History
- Name: SS Escambia
- Owner: Escambia Steamship Co. Ltd. - Crow, Bogart & Rudolf, Liverpool
- Builder: Mounsey & Foster, South Dock, Sunderland
- Yard number: 91
- Launched: 21 April 1879
- Completed: 15 October 1879
- Fate: Capsized and sank on 19 June 1882

General characteristics
- Tonnage: 2,154 gross register tons (GRT); 1,401 tons deadweight (DWT);
- Length: 291 ft (89 m)
- Beam: 34.7 ft (10.6 m)
- Depth: 24.5 ft (7.5 m)
- Installed power: 210 nhp

= SS Escambia =

SS Escambia was an iron screw steamer built at Sunderland in 1879, by the Sunderland Ship Building Company. She was classed 100A1, and was 2,154 tons gross. On 19 June 1882 she capsized with the loss of twenty lives having encountered heavy seas when crossing the bar of San Francisco, California.

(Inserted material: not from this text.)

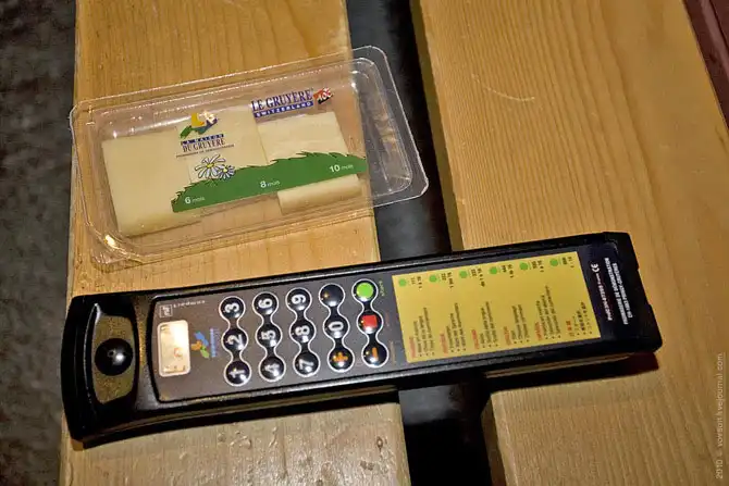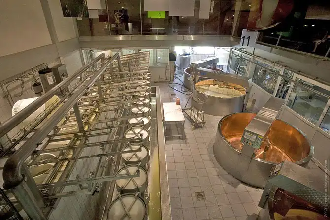 В самом заводе есть экскурсии. Конечно, в сам зал не пускают, вернее, пускают, если заранее согласовать и решить все медицинские вопросы, но времени у меня на это не было. Обычных посетителей пускают на балкон, который отделён стеклопакетом, а-ля шоу «За стеклом». Вместе с персональным аудио гидом выдают сэмплинг — три кусочка Груэра выдержкой 6, 8 и 10 месяцев. Мне больше всего понравился 8-месячный. Ещё есть сэмплинг в магазине, о нём чуть ниже.

The Escambia was voyaging from San Francisco to Cape Verde deeply laden with a cargo of wheat when she capsized some five miles offshore at about 7 pm. The pilot reported that the water in the ballast tanks had been pumped out in order to make the ship carry more cargo, and that the coal on deck was stowed as high as the bridge. She also had a list to port. In the rough seas she rolled enough to submerge her scuppers and shipped enough water to stop her engines. Unable to make way, the ship turned beam on to the breakers and was engulfed.

The United States naval court decided that the vessel was lost through the ordinary perils of the sea but the United Kingdom Board of Trade was not satisfied with this verdict and ordered its own inquiry. Of the crew of twenty four only four were saved.

The Wreck Commissioner reported that the inquiry determined that the Captain was to blame for taking the vessel to sea under that condition having acted simply through lack of judgement. Because the Captain had made every effort to save life after the vessel capsized, the court did not cancel his certificate and he was permitted to return to work.